Elzawawy/compiler-frontend

[LEXGEN-1] Build Language Parser

Elzawawy opened this issue · 0 comments

The Language Parser Class

  • In other words, it is a file reader, that parses lexems specification.
  • Takes an input file with format specified in requirements document.
  • Emits an output with (Table of Inputs - List of Regular Expressions).

Token

It is a pair consisting of a token name (class) and an optional attribute value. The token names are the input symbols that the parser processes.

Pattern

It is a description of the form that the lexemes of a token may take.

Lexeme

It is a sequence of characters in the source program that matches the pattern for a token and is identified by the lexical analyzer as an instance of that token.

Some notes:

  1. One token for each keyword. The pattern for a keyword is the same as the keyword itself.
  2. Tokens for the operators, either individually or in classes.
  3. One token representing all identifiers.
  4. One or more tokens representing constants, such as numbers and literal strings.
  5. Tokens for each punctuation symbol, such as left and right parentheses,comma, and semicolon.

Alphabet

It is any finite set of symbols. The set {0,1} is the binary alphabet.

String

A string over an alphabet is a finite sequence of symbols drawn from that alphabet.
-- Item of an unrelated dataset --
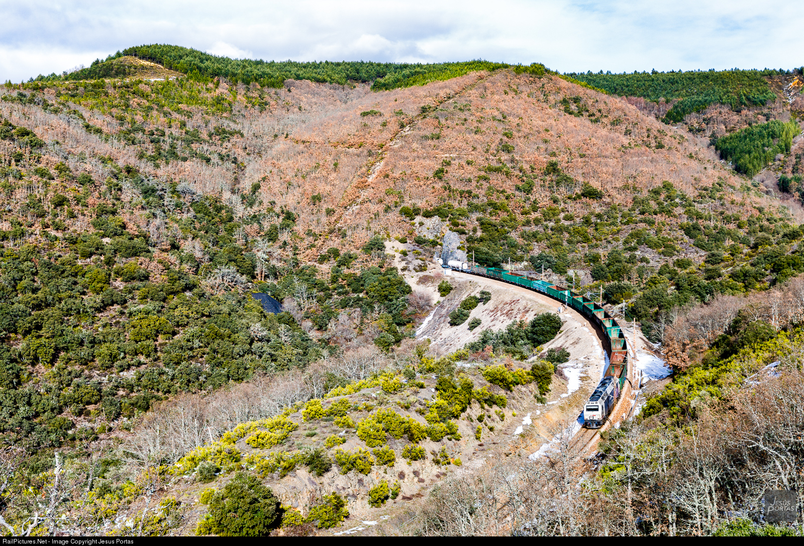 Northbound empty freight passing a section between two of the many tunnels at Manzanal Pass.

The empty string, denoted e, is the string of length zero.

Language

It is any countable set of strings over some fixed alphabet.
In lexical analysis, the most important operations on languages are Union, Concatenation, Kleene Closure, and Positive Closure

RE (Regular Expressions)

  • A convenient notation for specifying lexeme patterns.
  • While they cannot express all possible patterns, they are very effective in specifying those types of patterns that we actually need for tokens.
  • Regular expressions notation has come into common use for describing all the languages that can be built from language operators applied to the symbols of some alphabet.
  • Each regular expression r denotes a language L(r), which is also defined recursively from the languages denoted by r's sub-expressions.
  • Regular expressions often contain unnecessary pairs of parentheses. We may drop certain pairs of parentheses if we adopt the conventions that:
  • The unary operator * has highest precedence and is left associative.
  • Concatenation has second highest precedence and is left associative.
  • Union | has lowest precedence and is left associative.
  • We may replace the regular expression(a)|((b)*(c)) by a|b*c.
  • A language that can be defined by a regular expression is called a regular set. If two regular expressions r and s denote the same regular set, we say they are equivalent and write r = s.

RD (Regular Definitions)

  • We may wish to give names to certain regular expressions and use those names in subsequent expressions, as if the names were themselves symbols.